WSP
Global continues to acquire high-quality private firms with news reaching us
this week the firm has acquired Halvorson
and Partners ("H+P"), a 40-person structural engineering firm based
in Chicago. WSP has some kind words to welcome their new employees:
“H+P has completed structural designs for high-profile, award-winning projects throughout the U.S., as well as internationally through an office in Shanghai and a strong presence in the Middle East. Its portfolio includes the Burj Mohammed Bin Rashid Tower in Abu Dhabi, which won the "2015 Best Tall Building Award" for the Middle East and Africa from the Council on Tall Buildings and Urban Habitat. Other prominent projects include: OneEleven, a 60-story luxury apartment tower in Chicago which recently won a "Best Project Award" from the Structural Engineers Association of Illinois; Wolf Point West Tower, the first tower in a multi-phase US$1 billion development along the Chicago River in Chicago; and Vantone Tower, a 600-foot-tall corporate headquarters in Tianjin, China.”
This, of course, comes in the context of the
much larger acquisition
by WSP in 2014 of Parsons
Brinckerhoff which extended WSP’s service capabilities around the world. The
acquisition seems mostly to have been about expanding their position in land
and air civil engineering services. WSP goes on to say about their current
service offerings: “The firm
provides services to transform the built environment and restore the natural
environment, and its expertise ranges from environmental remediation to urban
planning, from engineering iconic buildings to designing sustainable transport
networks, and from developing the energy sources of the future to enabling new
ways of extracting essential resources.”
Trying
to derive WSP’s growth strategy from its behavior is difficult. Not only
because it’s not my area of expertise but also because from the preliminary
evidence presented they seem bent on global domination through acquisition.

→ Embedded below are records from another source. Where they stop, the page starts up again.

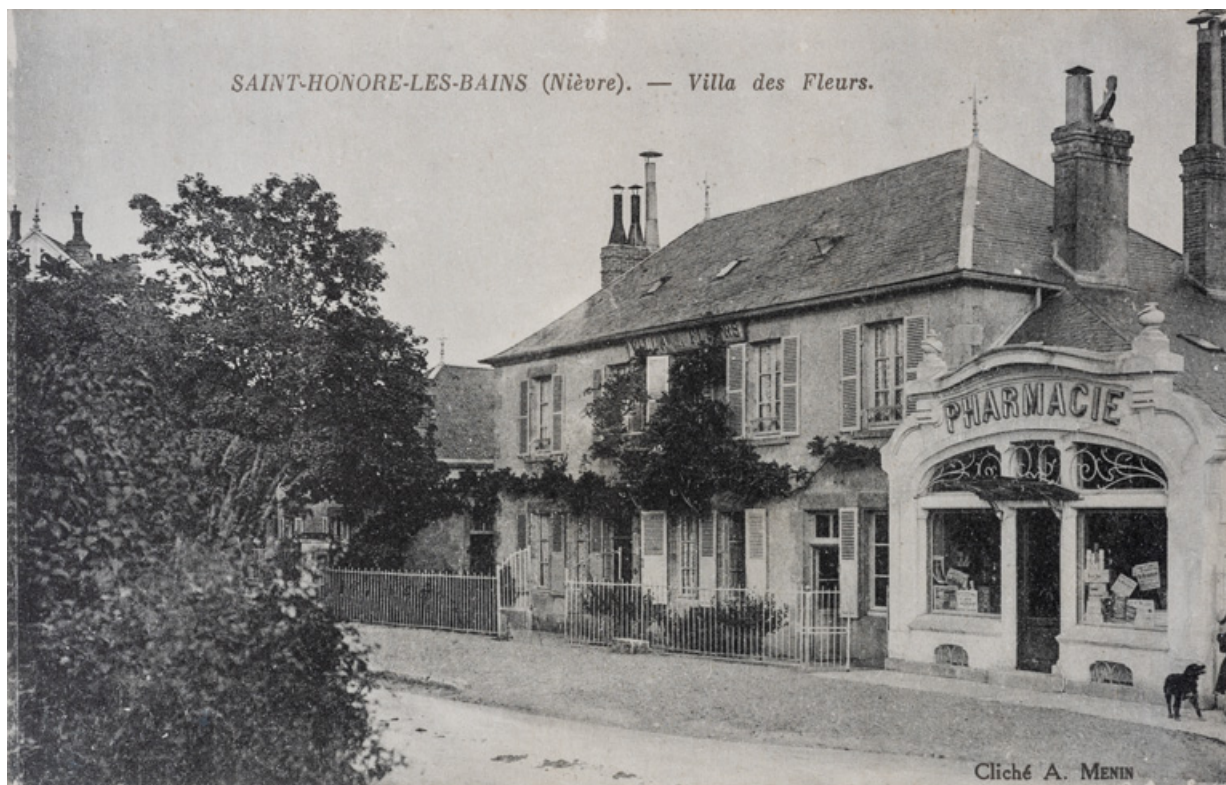
Élévation depuis la rue après la construction de la pharmacie.

58, Saint-Honoré-les-Bains, 15-17 avenue Eugène Collin
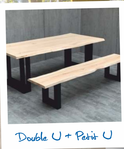
Double U + Petit U
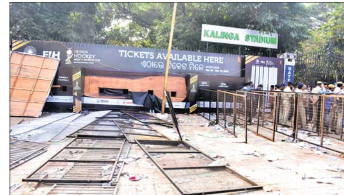
ଟିକେଟ ନ ପାଇବାରୁ ହକିପ୍ରେମୀଙ୍କ ଭଙ୍ଗାଠୁଟା।

ପୁରୁଷ ହକି ବିଶ୍ୱକପ୍ ଆରମ୍ଭ ହେବା ପୂର୍ବରୁ ଅବ୍ୟବସ୍ଥା ଦେଖାଦେଇଛି। ଟିକେଟ ବିକ୍ରିକୁ ନେଇ ଗୁରୁବାର କଳିଙ୍ଗ ସ୍ଥାଡିୟମ ପରିସରରେ ଉତ୍ତେଜନା ପ୍ରକାଶ ପାଇଛି। ଟିକେଟ କିଣିବାକୁ ଆସିଥିବା ହକିପ୍ରେମୀମାନେ ଟିକେଟ ନ ପାଇବାରୁ ସେଠାରେ ଭଙ୍ଗାଠୁଟା କରିଛନ୍ତି। ସୂଚନା ମୁତାବକ, ନଭେମ୍ବର ୧୫ରୁ ହକି ବିଶ୍ୱକପ୍ ଉଦ୍‌ଘାଟନା ଉତ୍ସବର ଟିକେଟ ବିକ୍ରି ହେବ ବୋଲି କ୍ରୀଡ଼ା ସଚିବ ପୂର୍ବରୁ ଘୋଷଣା କରିଥିଲେ। ସେହି ଅନୁଯାୟୀ ହକିପ୍ରେମୀମାନେ ଗୁରୁବାର କଳିଙ୍ଗ ସ୍ଥାଡିୟମକୁ ଟିକେଟ କିଣିବାକୁ ଆସିଥିଲେ। ୧୪ ତାରିଖ ରାତି ପ୍ରାୟ ୨ଟାକୁ ଅନେକ ହକିପ୍ରେମୀ ସ୍ଥାଡିୟମର ଏନେକ ଗେଟରେ ଧାଡ଼ି ବାସିଥିଲେ। ସକାଳରେ ଦେଖିବାକୁ ବହୁ ସଂଖ୍ୟକ ହକି ପ୍ରେମୀ ଟିକେଟ ପାଇଁ ଭିଡ଼ ଜମାଇଥିଲେ। ଦୀର୍ଘ ସମୟ ଛିଡ଼ା ହେବା ପରେ ସକାଳ ୮ଟା ବେଳକୁ ଜଣେ କର୍ମଚାରୀ ଏଠାରେ ଟିକେଟ ଉପଲବ୍ଧ ନ ଥିବା ସମ୍ପର୍କରେ ଏକ ନୋଟିସ୍ ମାରି ଚାଲିଯାଇଥିଲେ।

Locally the firm has multiple offices in Calgary spread around the city but
offers little information on its website on what distinguishes each office. I
assume in Calgary each is rooted in different phases of oil production. But
considering all the small offices located around Canada, growing to 500 offices
located in 37 countries around the world, that means a lot of money being sent
back to the mothership. WSP Global’s headquarters are in Montreal.